### COLLECTED MATERIAL

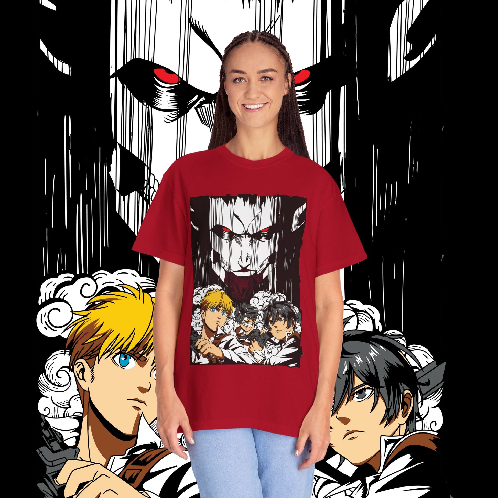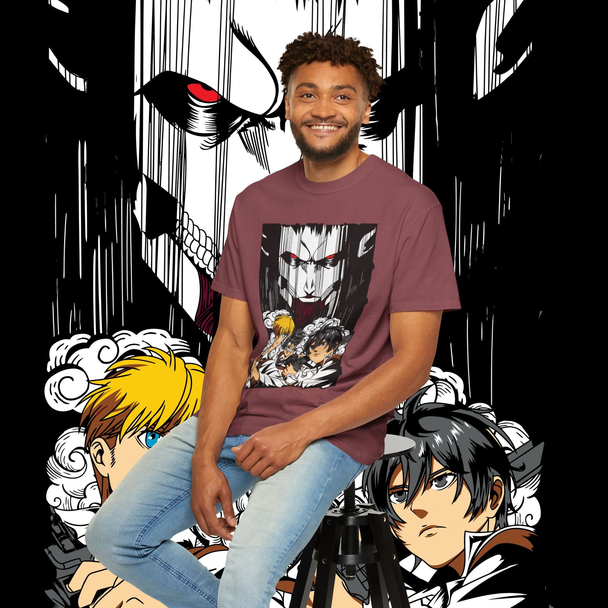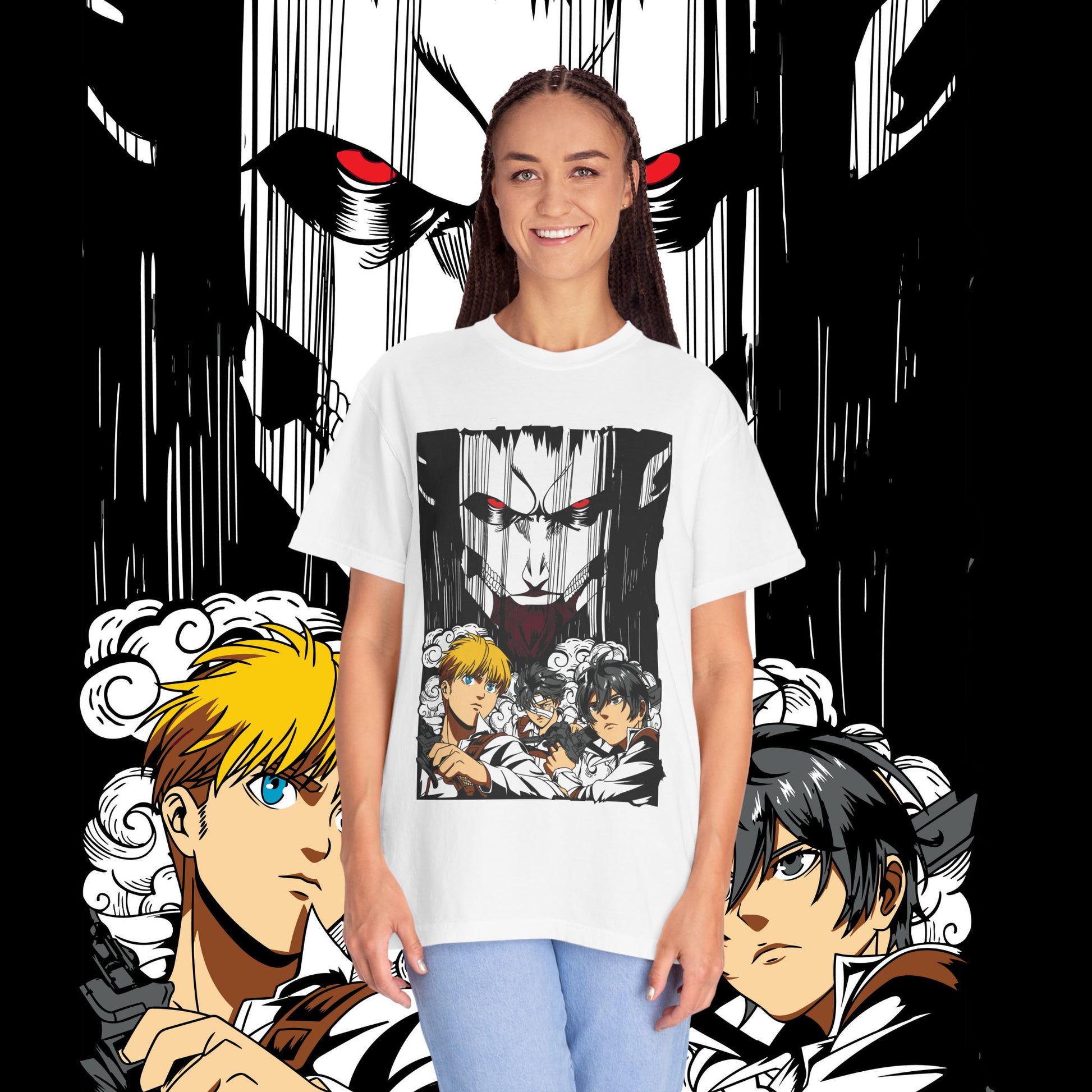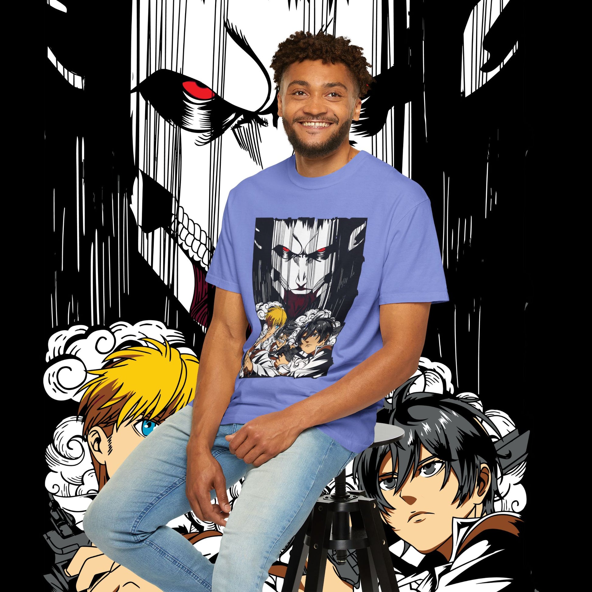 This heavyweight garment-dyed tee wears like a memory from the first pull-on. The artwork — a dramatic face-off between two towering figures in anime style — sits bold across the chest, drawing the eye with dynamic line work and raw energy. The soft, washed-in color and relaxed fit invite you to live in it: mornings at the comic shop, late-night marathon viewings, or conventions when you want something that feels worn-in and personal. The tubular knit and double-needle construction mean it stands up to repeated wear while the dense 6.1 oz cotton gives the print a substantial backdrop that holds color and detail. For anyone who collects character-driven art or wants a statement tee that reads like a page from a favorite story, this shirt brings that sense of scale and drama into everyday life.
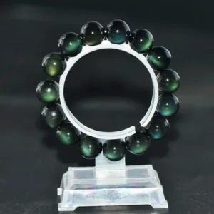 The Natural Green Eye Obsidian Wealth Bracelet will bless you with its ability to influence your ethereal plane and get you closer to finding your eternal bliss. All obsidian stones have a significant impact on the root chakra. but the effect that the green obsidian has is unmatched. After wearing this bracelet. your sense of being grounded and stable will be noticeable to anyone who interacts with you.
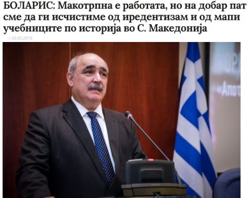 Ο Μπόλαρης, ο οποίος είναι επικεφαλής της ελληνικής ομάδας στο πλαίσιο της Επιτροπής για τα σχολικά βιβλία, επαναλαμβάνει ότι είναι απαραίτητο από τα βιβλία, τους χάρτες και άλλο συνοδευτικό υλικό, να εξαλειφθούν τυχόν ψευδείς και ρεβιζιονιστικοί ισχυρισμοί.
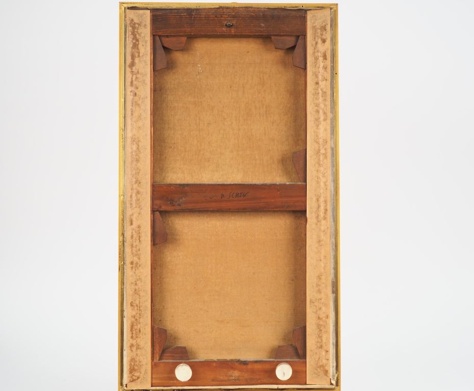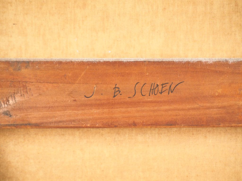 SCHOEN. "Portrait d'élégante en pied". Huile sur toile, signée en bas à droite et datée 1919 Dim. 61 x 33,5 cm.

######

▶ [WHAT YOU ARE ASKED TO DO]: Leaving the pictures aside, copy exactly and only the lines from the one holding "The Natural Green" through the final line of the data, both ends kept.

▶ [RESULT FOR THIS EXERCISE]:
 The Natural Green Eye Obsidian Wealth Bracelet will bless you with its ability to influence your ethereal plane and get you closer to finding your eternal bliss. All obsidian stones have a significant impact on the root chakra. but the effect that the green obsidian has is unmatched. After wearing this bracelet. your sense of being grounded and stable will be noticeable to anyone who interacts with you.
 Ο Μπόλαρης, ο οποίος είναι επικεφαλής της ελληνικής ομάδας στο πλαίσιο της Επιτροπής για τα σχολικά βιβλία, επαναλαμβάνει ότι είναι απαραίτητο από τα βιβλία, τους χάρτες και άλλο συνοδευτικό υλικό, να εξαλειφθούν τυχόν ψευδείς και ρεβιζιονιστικοί ισχυρισμοί.
 SCHOEN. "Portrait d'élégante en pied". Huile sur toile, signée en bas à droite et datée 1919 Dim. 61 x 33,5 cm.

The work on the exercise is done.